Start of Data shown

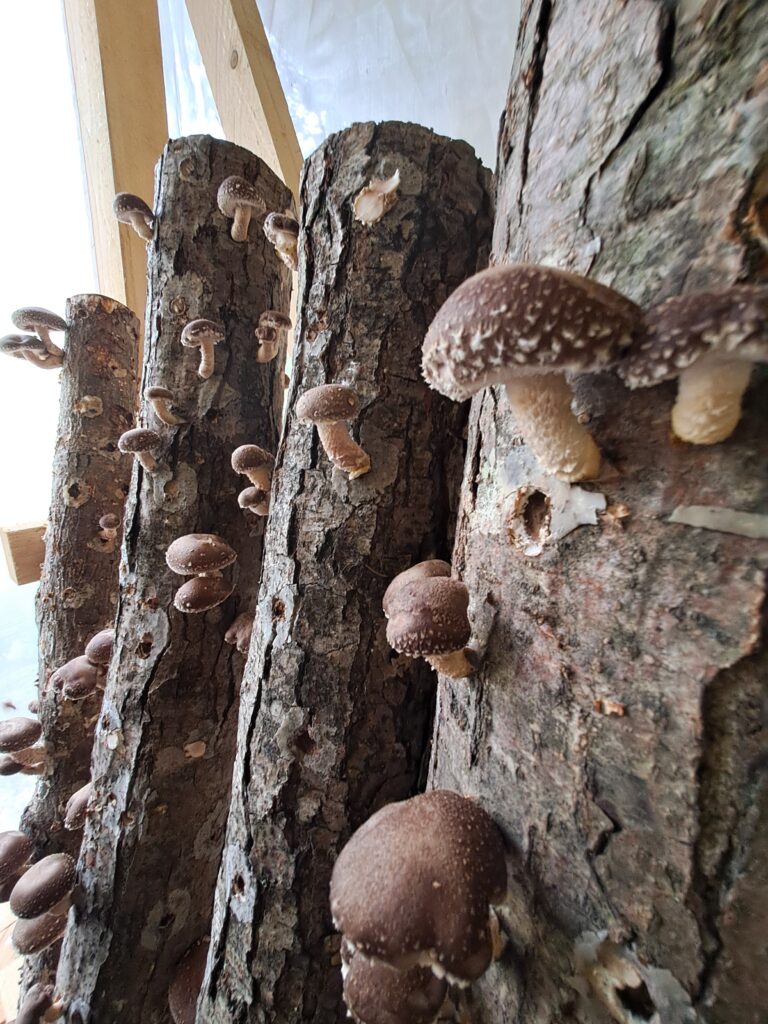 Gemeinsam produzieren wir pro Person 5 Pilzstämme (4 Shiitake Stämme und einen Austernseitlingstamm. Im Laufe der Arbeiten (es ist ganz schön viel Arbeit die Stämme zu produzieren) erfährt ihr Wissenswertes über den Pilzanbau und dazugehörige Geräte. Von den Stämmen kann dann zwei bis vier Mal im Jahr über 3 Jahre geerntet werden. (Erntezeit = Juni bis Oktober) Der Workshop dauert 5 Stunden und – bis auf das Bäume fällen – werden wir uns gemeinsam alle wichtigen Schritte zum Anbau von Pilzen in Stämmen erarbeiten. Alle Teilnehmer:innen bekommen jeweils fünf gemeinsam produzierte Pilzstämme inklusive Kulturanleitung mit nach Hause.
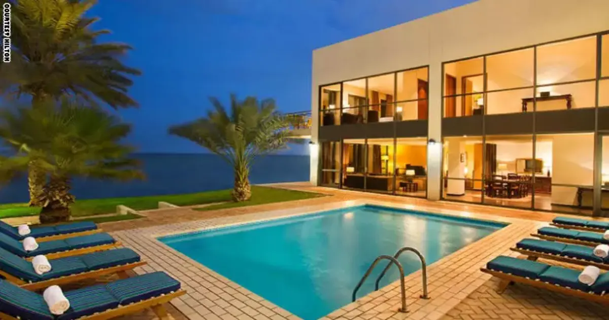 الفيلا الملكية في فندق هيلتون الكويت: على ضفاف شاطئ المنقف جنوب مدينة الكويت، تقع الفيلا الملكية، بمساحة 651 متر مربع. ومقابل 1640 دولار في الليلة، يمكن الاستمتاع بهذا الجناح، بشاطئ وبركة سباحة خاصة.
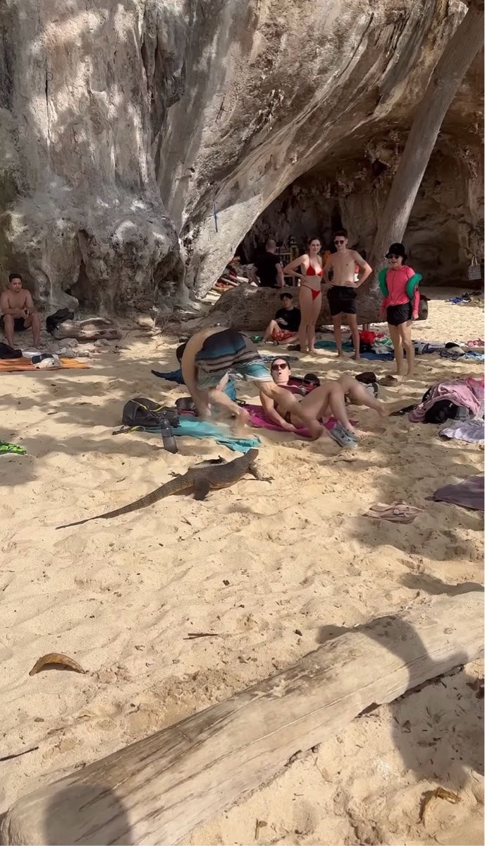 ビーチで日光浴を楽しんでいた観光客を驚かせたオオトカゲ。 そのハプニングの様子は、こちらの動画からご覧いただけます。
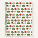 Spiral notebook design features an original marker illustration of a camping-themed compass, trail mix, campfire, s'mores, tent, and sleeping bag. Great for summer camp!

End of Data shown

## [Work task]
Output the listing above in full and exactly, with pictures excluded.

## [Response to the task]
 Gemeinsam produzieren wir pro Person 5 Pilzstämme (4 Shiitake Stämme und einen Austernseitlingstamm. Im Laufe der Arbeiten (es ist ganz schön viel Arbeit die Stämme zu produzieren) erfährt ihr Wissenswertes über den Pilzanbau und dazugehörige Geräte. Von den Stämmen kann dann zwei bis vier Mal im Jahr über 3 Jahre geerntet werden. (Erntezeit = Juni bis Oktober) Der Workshop dauert 5 Stunden und – bis auf das Bäume fällen – werden wir uns gemeinsam alle wichtigen Schritte zum Anbau von Pilzen in Stämmen erarbeiten. Alle Teilnehmer:innen bekommen jeweils fünf gemeinsam produzierte Pilzstämme inklusive Kulturanleitung mit nach Hause.
 الفيلا الملكية في فندق هيلتون الكويت: على ضفاف شاطئ المنقف جنوب مدينة الكويت، تقع الفيلا الملكية، بمساحة 651 متر مربع. ومقابل 1640 دولار في الليلة، يمكن الاستمتاع بهذا الجناح، بشاطئ وبركة سباحة خاصة.
 ビーチで日光浴を楽しんでいた観光客を驚かせたオオトカゲ。 そのハプニングの様子は、こちらの動画からご覧いただけます。
 Spiral notebook design features an original marker illustration of a camping-themed compass, trail mix, campfire, s'mores, tent, and sleeping bag. Great for summer camp!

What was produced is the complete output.